Records excerpted from a collection:
----
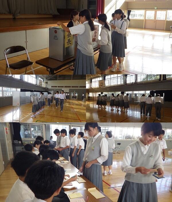本日の登校時間において,生徒会本部役員選挙(会長選・副会長選)の投票を体育館で行いました。投票のために,いつもより早く登校してくださった生徒のみなさん,ありがとうございました。
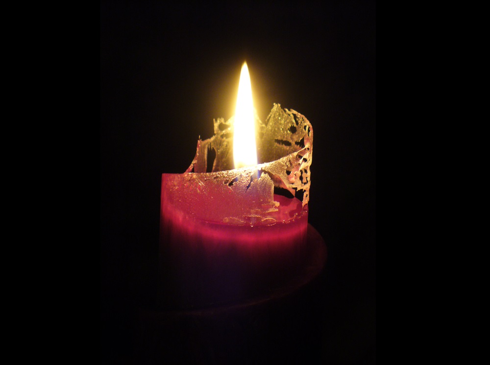 Svíčka strom života fialový s vůní 100% přírodního esenciálního oleje levandule
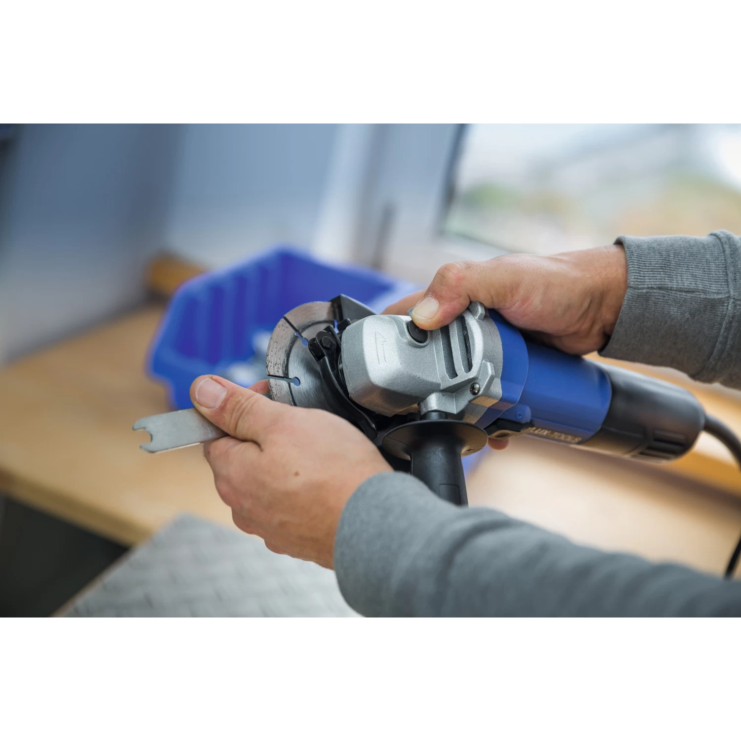 De LUX haakse slijper 750W voor het slijpen van hout, metaal en aluminium. De haakse slijper heeft een maximaal vermogen van 750 watt en maximaal aantal toeren van 11000 per minuut. De machine is geschikt voor een slijpschijf met een maximale doorsnede van 115 millimeter. Hierdoor is deze haakse slijper geschikt voor de meest gangbare klussen en is hiermee ideaal voor de doe het zelver.
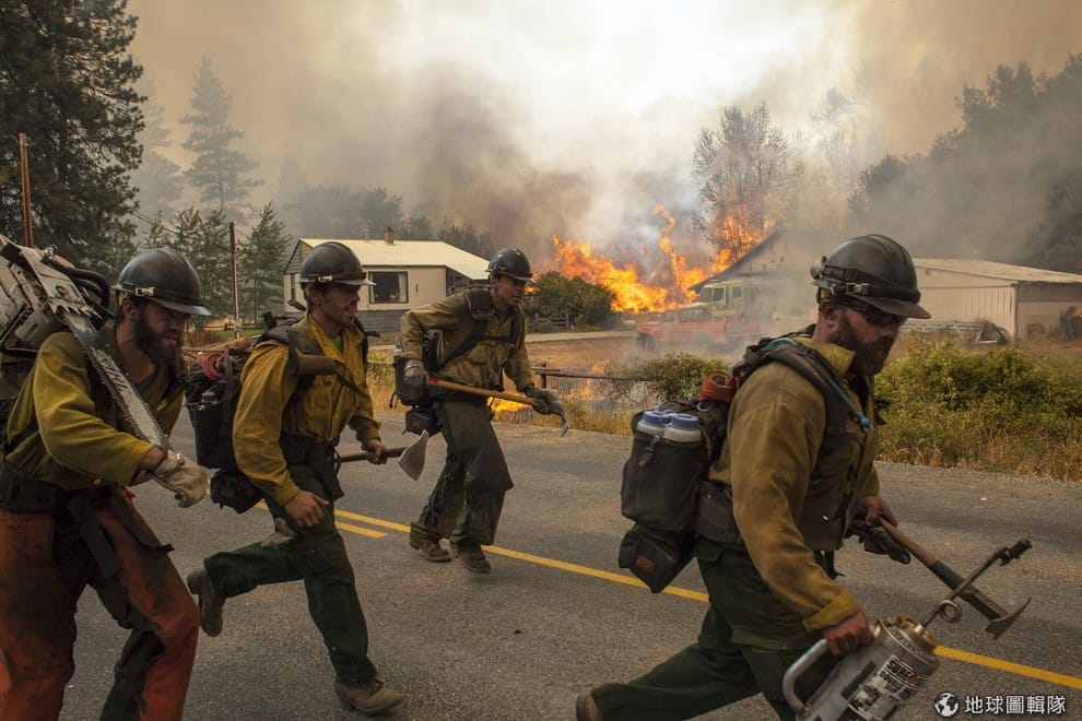 華盛頓州當地,消防隊員和掌鏡的攝影師正奮力往外跑,因為後方的森林火勢又再度竄出。
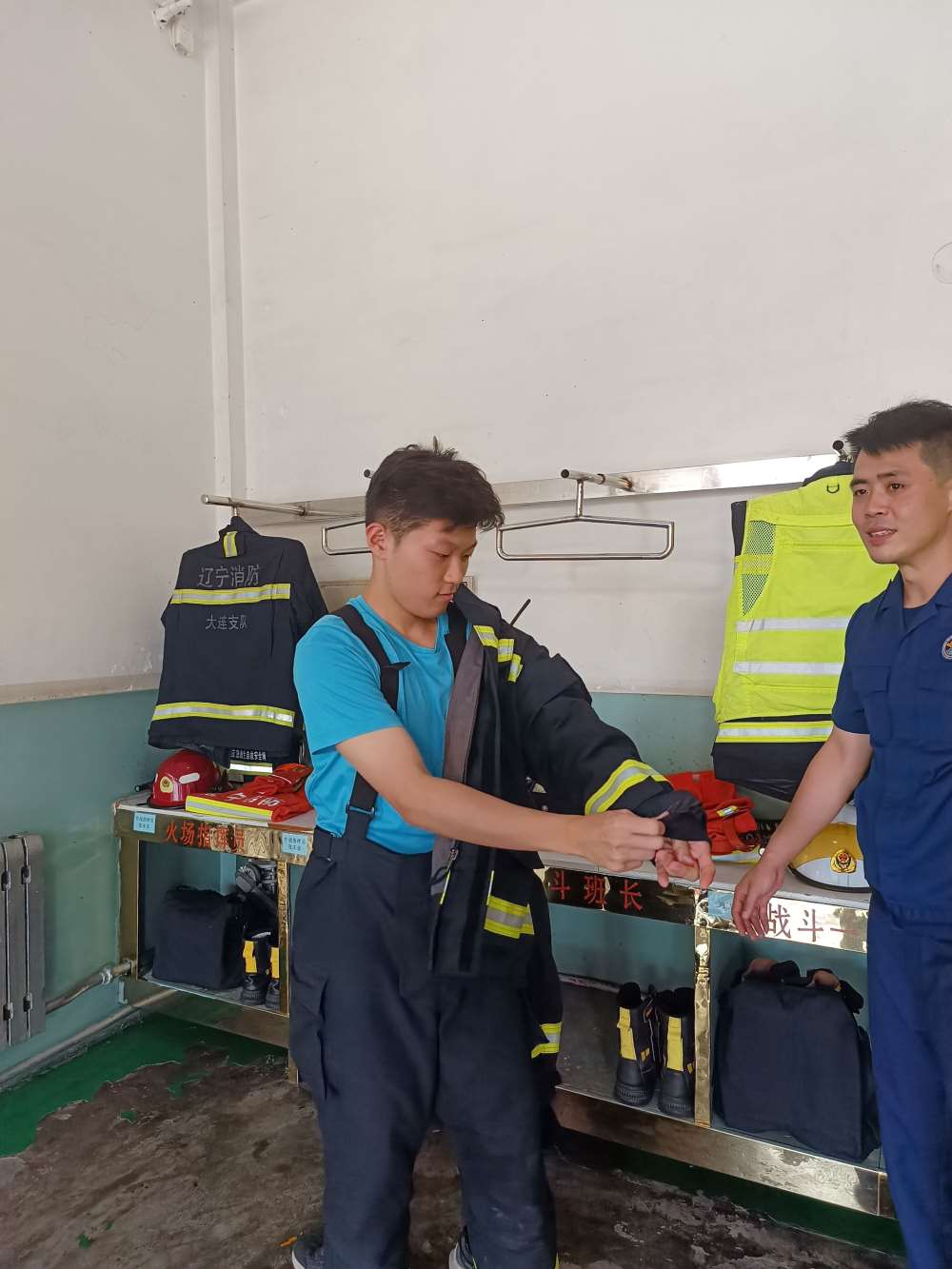 為了增強消防安全意識,學習消防安全知識。安徽工業大學冶金工程學院赴大連社會實踐團隊走進甘井子區泡崖消防救援大隊學習消防知識,體驗消防設施、設備、零距離感觸消防隊員們的裝備、感知消防隊員們真實的工作狀態。在消防隊員的帶領下,參觀了消防車,了解了消防車的性能、用途以及消防車上各種器具的名稱和用途,包括高壓噴射槍、呼救器、滅火器等各種器具。并演示了1分鐘整裝出發,井然有序、干凈利落的動作讓大學生看的目不轉睛,贊嘆不已。為了更好地感受消防隊員的生活,消防員還特意讓志愿者也體驗了一把“消防癮”,穿鞋、提褲、套外套、扣帽子、系腰帶等,這些看似簡單的動作完成起來其實并不輕松。
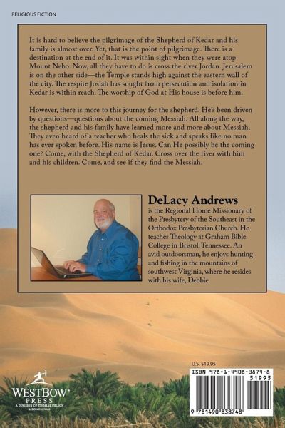 It is hard to believe the pilgrimage of the Shepherd of Kedar and his family is almost over. Yet, that is the point of pilgrimage. There is a destination at the end of it. It was within sight when they were atop Mount Nebo. Now, all they have to do is cross the river Jordan. Jerusalem is on the other side-the Temple stands high against the eastern wall of the city. The respite Josiah has sought from persecution and isolation in Kedar is within reach. The worship of God at His house is before him. However, there is more to this journey for the shepherd. He's been driven by questions-questions about the coming Messiah. All along the way, the shepherd and his family have learned more and more about Messiah. They even heard of a teacher who heals the sick and speaks like no man has ever spoken before. His name is Jesus. Can He possibly be the coming one? Come, with the Shepherd of Kedar. Cross over the river with him and his children. Come, and see if they find the Messiah.
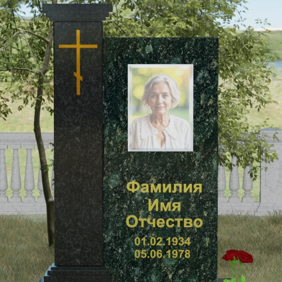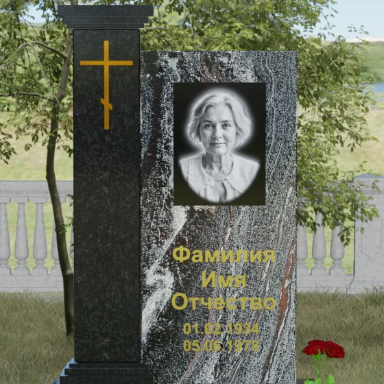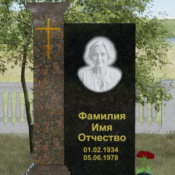 Композиция данного надгробия построена на гармоничном сочетании двух вертикальных элементов, установленных на массивное ступенчатое основание. Левая часть выполнена в виде величественной колонны с декоративным навершием в классическом стиле. На фронтальной стороне колонны расположена гравировка православного креста, покрытая сусальным золотом или имитирующим его составом, что придает мемориалу торжественный и одухотворенный вид. Правая часть — это лаконичная прямоугольная стела, предназначенная для размещения портрета и памятных надписей. Строгая геометрия линий подчеркивает внутреннюю силу и достоинство того, чья память здесь увековечена.
----
When copying from the data above, begin at the line containing "Svíčka strom života" and end at the line containing "華盛頓州當地,消防隊員和掌鏡"; return those lines exactly and leave all pictures behind.

RESPONSE TO THE EXERCISE:
 Svíčka strom života fialový s vůní 100% přírodního esenciálního oleje levandule
 De LUX haakse slijper 750W voor het slijpen van hout, metaal en aluminium. De haakse slijper heeft een maximaal vermogen van 750 watt en maximaal aantal toeren van 11000 per minuut. De machine is geschikt voor een slijpschijf met een maximale doorsnede van 115 millimeter. Hierdoor is deze haakse slijper geschikt voor de meest gangbare klussen en is hiermee ideaal voor de doe het zelver.
 華盛頓州當地,消防隊員和掌鏡的攝影師正奮力往外跑,因為後方的森林火勢又再度竄出。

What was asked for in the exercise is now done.